→ **Required action**: Type the listing below out again exactly. No images.

→ **Recorded information**:

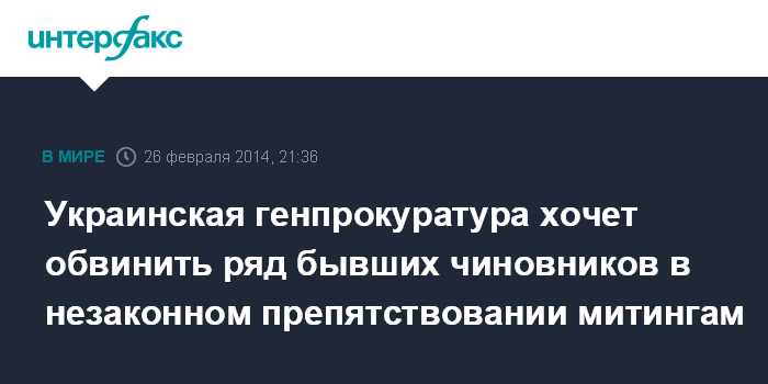 Москва. 26 февраля. INTERFAX.RU - Ряду бывших украинских чиновников различного уровня будет предъявлено подозрение в незаконном препятствовании проведению митингов, сообщил и.о. генпрокурора Украины Олег Махницкий.
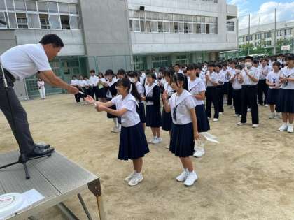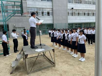 先日の春季総体で団体戦準優勝、個人戦ダブルス3位に入賞を果たした女子テニス部が全校朝礼で表彰を受けました。
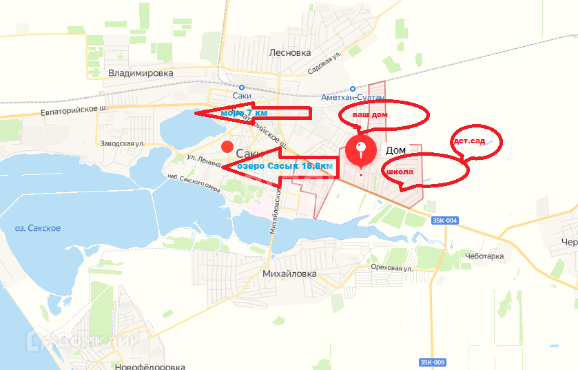 Всё необходимое для комфортной жизни рядом: школа, детский сад, магазины, рынок, церковь. А так же в 10 минутах ходьбы прекрасная набережная, расположенная на берегу лечебного соленого грязевого озера, по которой можно пешком добраться до моря (3 км)

→ **Expected output**:
 Москва. 26 февраля. INTERFAX.RU - Ряду бывших украинских чиновников различного уровня будет предъявлено подозрение в незаконном препятствовании проведению митингов, сообщил и.о. генпрокурора Украины Олег Махницкий.
 先日の春季総体で団体戦準優勝、個人戦ダブルス3位に入賞を果たした女子テニス部が全校朝礼で表彰を受けました。
 Всё необходимое для комфортной жизни рядом: школа, детский сад, магазины, рынок, церковь. А так же в 10 минутах ходьбы прекрасная набережная, расположенная на берегу лечебного соленого грязевого озера, по которой можно пешком добраться до моря (3 км)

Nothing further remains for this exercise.